According to the Supreme Court justices, they will consider in the Edwards case "whether states may impose a higher standard for measuring a defendant's competency to be his own lawyer than when determining he is competent to stand trial." Department of Justice attorneys, in an amicus brief for the United States, argue that "mentally ill defendants may legitimately be restricted from self-representation at trial" when the substantial governmental interest in the fairness of criminal proceedings outweighs a defendant's request to proceed pro se.

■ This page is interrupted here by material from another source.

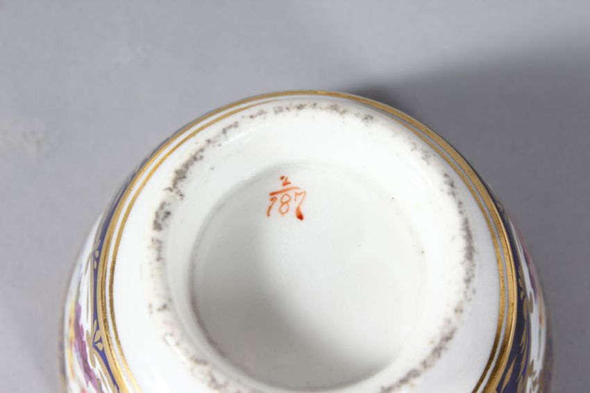 A DERBY CUP AND SAUCER, A CLARET GROUND MUG and A SPODE SPILL VASE.
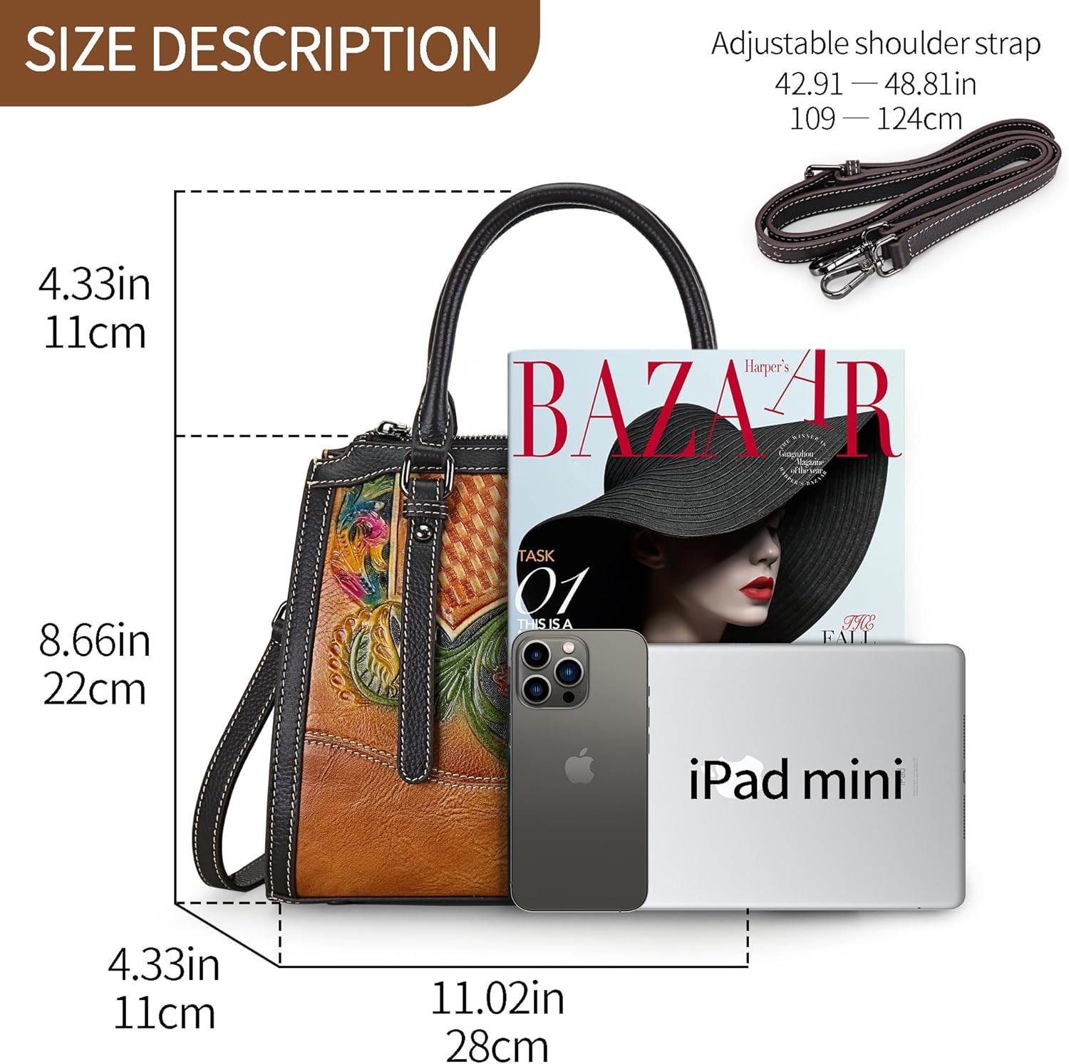 Size: 10.83inch(buttom length)*9.06inch(height)*4.33inch(width) Weight: 1.48lb Package include: 1 x Beautiful Handbag. 1 x adjustable removable strap. It can hold many items, such as mobile phones, cosmetics, iPad, books, glasses, mobile power supplies, wallets, keys, etc. It is very convenient for dating, hiking, camping, commuting, shopping, going to school, etc. Rose embossing leather handbag The uniquely designed handbag is hand-sewn by professional workers, showing a strong retro style and bringing you a comfortable experience. Our products have undergone strict quality inspection, neat stitches, no thread ends, and products without defects can be allowed to be sold. We pay more attention to the buyer's service and shopping experience. If you are not satisfied with our services or products, please let us know and we will do our best to serve you. Attention:The leather has a nature smell. When first use, please expose it to the air about three days, the smell will go away.

In their brief, they cite one recent analysis of federal district court docket sheets that estimated over 20 percent of pro se federal defendants exhibited signs of mental illness sufficient to cause the court to order a competency examination.
We need look no further for proof of this trend than in the case of Scott Panetti, a killer from Texas with a mental illness, who was judged competent to stand trial and allowed to represent himself. He dressed in purple cowboy clothing, and his witness list included Jesus Christ and John F. Kennedy. Originally he was sentenced to execution, and the Supreme Court reversed the decision.
Now, the legal system isn't a Monopoly game where buying and selling fake hotels makes you a would-be Donald Trump. This comes under the heading of "Don't Try This in Court": counterfeit cowboys need not apply.
Trained as a researcher at Pratt Institute, I spent untold hours at the Brooklyn Law School library, doing legal research. Even I would not presume to represent myself.
In my defense, I'd want Johnnie Cochran.